JSoup is an HTML parser, not some kind of embedded browser engine. This means that it's completely unaware of any content that is added to the DOM by Javascript after the initial page load.
To get access to that type of content you will need an embedded browser component, there are a number of discussions on SO regarding that kind of component, eg Is there a way to embed a browser in Java?

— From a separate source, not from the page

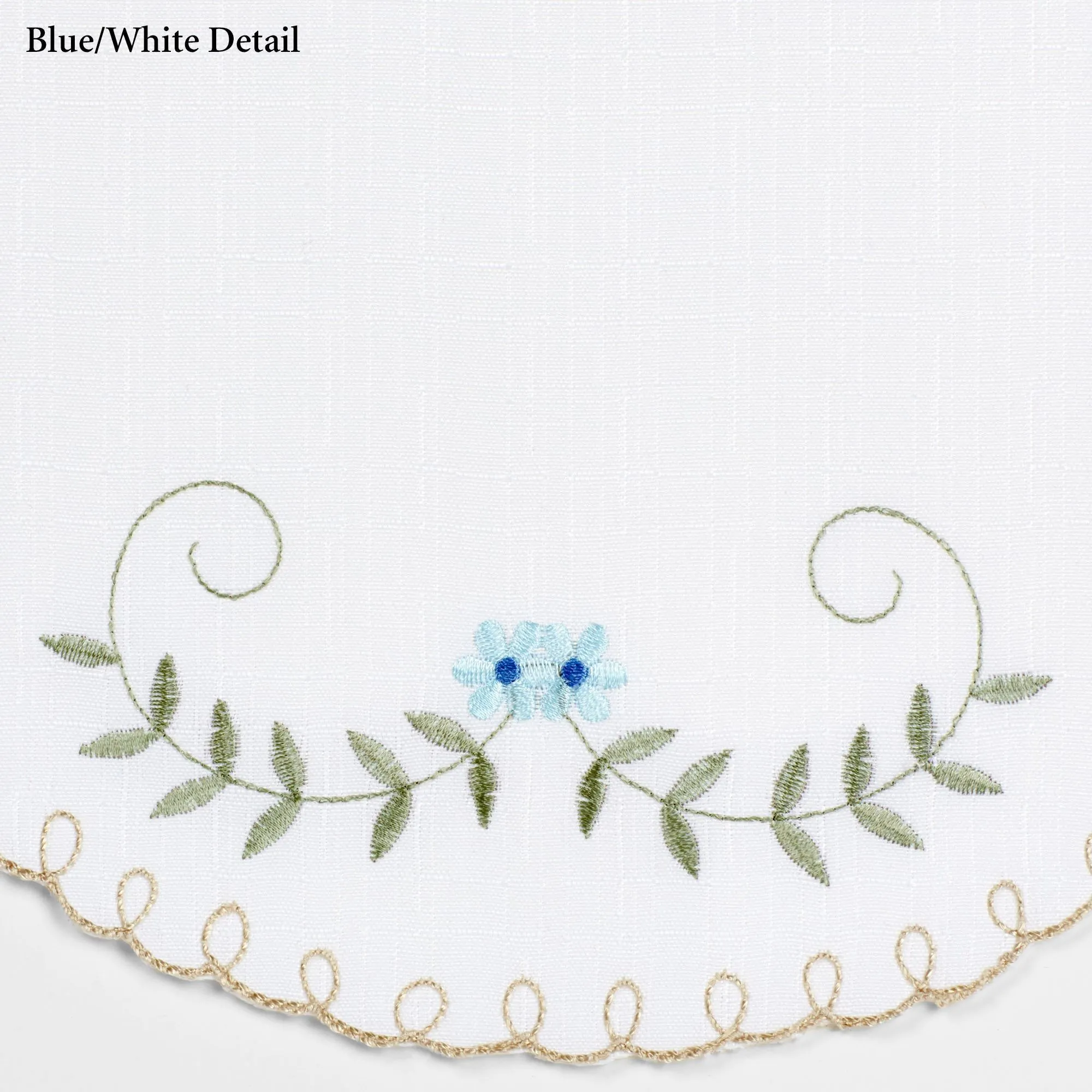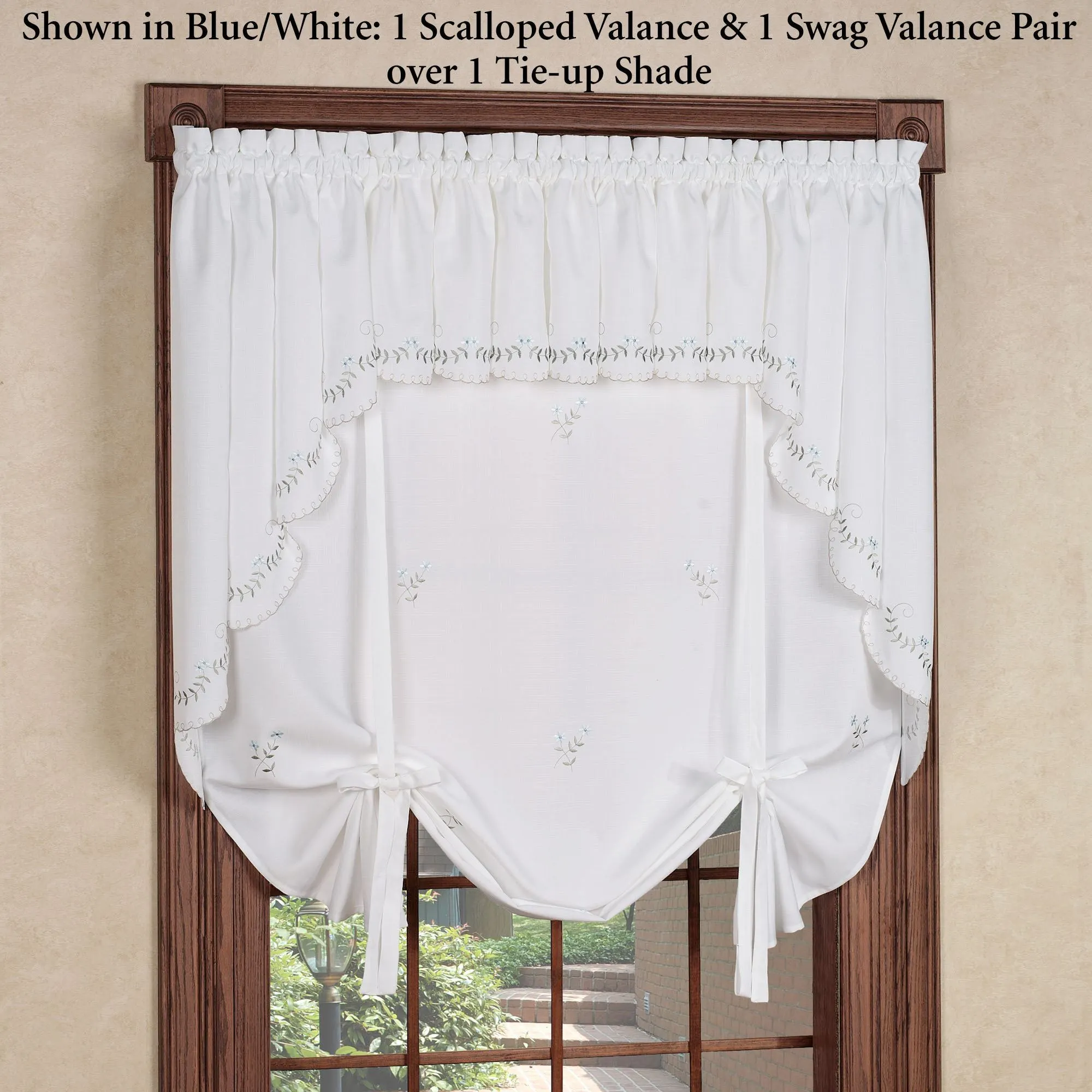 The casual and simply elegant Forget-Me-Not Tie-up Shade features a charming, embroidered floral and leaf motif. Window shade has ribbon ties on each side. Polyester tie-up shade has a 1.5" rod pocket. Measures 50"Wx63"L. Machine wash. Imported.

Solved in my case with com.codeborne.phantomjsdriver
NOTE: it is groovy code.
pom.xml
<dependency>
<groupId>com.codeborne</groupId>
<artifactId>phantomjsdriver</artifactId>
<version> <here goes last version> </version>
</dependency>
PhantomJsUtils.groovy
import org.jsoup.Jsoup
import org.jsoup.nodes.Document
import org.openqa.selenium.WebDriver
import org.openqa.selenium.phantomjs.PhantomJSDriver
class PhantomJsUtils {
private static String filePath = 'data/temp/';
public static Document renderPage(String filePath) {
System.setProperty("phantomjs.binary.path", 'libs/phantomjs') // path to bin file. NOTE: platform dependent
WebDriver ghostDriver = new PhantomJSDriver();
try {
ghostDriver.get(filePath);
return Jsoup.parse(ghostDriver.getPageSource());
} finally {
ghostDriver.quit();
}
}
public static Document renderPage(Document doc) {
String tmpFileName = "$filePath${Calendar.getInstance().timeInMillis}.html";
FileUtils.writeToFile(tmpFileName, doc.toString());
return renderPage(tmpFileName);
}
}
ClassInProject.groovy
Document doc = PhantomJsUtils.renderPage(Jsoup.parse(yourSource))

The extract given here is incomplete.